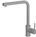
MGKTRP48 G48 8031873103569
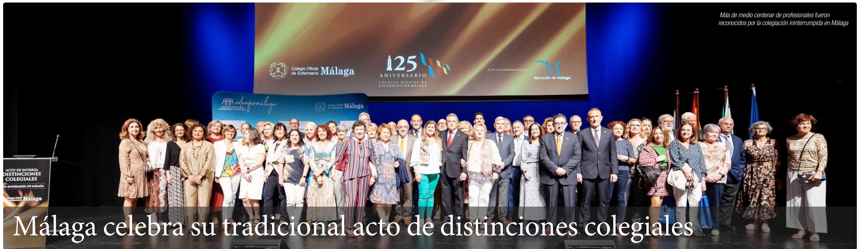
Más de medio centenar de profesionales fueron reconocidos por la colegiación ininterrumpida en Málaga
* * *
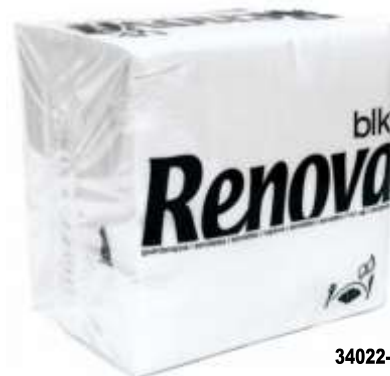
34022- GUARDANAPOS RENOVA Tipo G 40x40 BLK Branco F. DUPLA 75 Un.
* * *
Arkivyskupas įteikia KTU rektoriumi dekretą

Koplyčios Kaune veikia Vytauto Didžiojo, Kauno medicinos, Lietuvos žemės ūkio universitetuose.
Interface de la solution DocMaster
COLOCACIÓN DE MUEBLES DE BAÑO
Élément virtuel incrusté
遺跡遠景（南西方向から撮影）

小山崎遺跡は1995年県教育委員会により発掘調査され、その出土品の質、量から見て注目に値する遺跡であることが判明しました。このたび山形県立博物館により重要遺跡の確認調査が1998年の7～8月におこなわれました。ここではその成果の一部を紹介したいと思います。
* * *
● **INSTRUCTIONS FOR THE TASK**
Reproduce verbatim the lines above, from the line with "遺跡遠景（南西方向から撮影）" through the line with "小山崎遺跡は1995年県教育".

● **ANSWER SPACE**
遺跡遠景（南西方向から撮影）

小山崎遺跡は1995年県教育委員会により発掘調査され、その出土品の質、量から見て注目に値する遺跡であることが判明しました。このたび山形県立博物館により重要遺跡の確認調査が1998年の7～8月におこなわれました。ここではその成果の一部を紹介したいと思います。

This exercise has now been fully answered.